Какие же это белые! Обыкновенные солдаты, грязные, потные, бородатые, в зелёных штанах и рубахах, с погонами. Только на рукаве у каждого разноцветный уголок: полоска белая, полоска синяя, полоска красная. Я знаю, это царский флаг. Царя уже два года нет, а они всё ещё за него.

Одни белые поили из брезентовых вёдер худых лошадей, над которыми клубился пар. Другие прикладами ломали ларьки и рундуки, ковырялись штыками в замках, отдирали двери и ставни. Стук прикладов, ржание лошадей, треск, окрики, грохот стояли над площадью.

Один солдат гнался за курицей. Я сразу узнал её — это была пёстрая несушка Ефима Зака. Она вопила так, как будто её уже резали, и мчалась прямо на меня. Солдат, стуча сапогами, крикнул:

— Держи, коли хочешь жить!

Жить мне хотелось.
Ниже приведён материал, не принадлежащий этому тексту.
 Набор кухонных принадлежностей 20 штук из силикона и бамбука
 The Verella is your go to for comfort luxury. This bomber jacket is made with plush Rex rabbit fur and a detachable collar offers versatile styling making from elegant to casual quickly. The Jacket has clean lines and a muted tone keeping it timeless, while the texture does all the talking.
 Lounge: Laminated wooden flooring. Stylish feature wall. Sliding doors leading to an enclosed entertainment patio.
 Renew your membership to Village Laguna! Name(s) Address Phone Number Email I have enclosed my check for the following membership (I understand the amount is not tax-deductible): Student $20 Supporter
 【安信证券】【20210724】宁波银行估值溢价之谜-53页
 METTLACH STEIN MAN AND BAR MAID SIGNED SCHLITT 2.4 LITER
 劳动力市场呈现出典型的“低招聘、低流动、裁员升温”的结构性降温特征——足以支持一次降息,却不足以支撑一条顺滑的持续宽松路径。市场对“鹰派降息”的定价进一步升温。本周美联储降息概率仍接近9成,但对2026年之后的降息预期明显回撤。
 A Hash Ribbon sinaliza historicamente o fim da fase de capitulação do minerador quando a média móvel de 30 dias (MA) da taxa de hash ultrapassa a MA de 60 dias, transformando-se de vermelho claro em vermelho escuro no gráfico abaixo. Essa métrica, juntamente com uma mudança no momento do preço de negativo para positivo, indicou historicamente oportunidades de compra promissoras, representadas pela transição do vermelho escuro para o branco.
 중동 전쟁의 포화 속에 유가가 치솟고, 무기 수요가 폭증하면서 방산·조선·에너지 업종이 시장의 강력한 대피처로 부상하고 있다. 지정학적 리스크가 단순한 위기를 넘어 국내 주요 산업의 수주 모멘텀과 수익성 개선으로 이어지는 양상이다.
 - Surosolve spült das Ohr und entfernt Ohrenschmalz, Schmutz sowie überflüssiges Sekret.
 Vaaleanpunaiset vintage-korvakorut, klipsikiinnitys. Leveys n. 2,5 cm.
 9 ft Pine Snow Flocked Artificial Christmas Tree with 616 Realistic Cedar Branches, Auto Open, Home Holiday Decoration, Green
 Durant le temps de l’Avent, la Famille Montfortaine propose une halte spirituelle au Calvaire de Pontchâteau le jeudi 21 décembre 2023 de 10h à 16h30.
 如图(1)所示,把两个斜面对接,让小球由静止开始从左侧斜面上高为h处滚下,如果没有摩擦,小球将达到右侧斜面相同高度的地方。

Я растопырил руки, пригнулся и ухватил бедную курицу за хвост. Она так и затрепыхалась. Солдат проткнул её штыком и понёс. Я опрометью бросился к учителю. Он как ни в чём не бывало сидел у окна и писал «лунную ночь».

— Учитель, белые пришли! Они убили вашу…

— Кого? — вскочил Зак, впиваясь в меня глазами.

— Вашу пёструю куру…

Зак успокоился:

— Фу, как ты меня напугал! Что значит курица, когда убить человека для них тоже не вопрос.

— Кругом стреляют, — сказал я, — а вы себе рисуете…

Зак стал размешивать краску:

— Однажды, Гиршеле, древние римляне захватили греческий городок Сиракузы. А греческий философ Архимедус задумался и не слышал, что кругом идёт бой. Он чертил себе свои фигуры на песочке…

Шум за дверью перебил его.

— Кто там? Фейгеле, ты? — спросил Зак.

Дверь открылась, и в комнату ввалились двое: один с наганом и с шашкой, наверное офицер, другой с винтовкой, наверное простой солдат. Но оба с погонами и с трёхцветными полосками па рукавах: полоска белая, полоска синяя, полоска красная…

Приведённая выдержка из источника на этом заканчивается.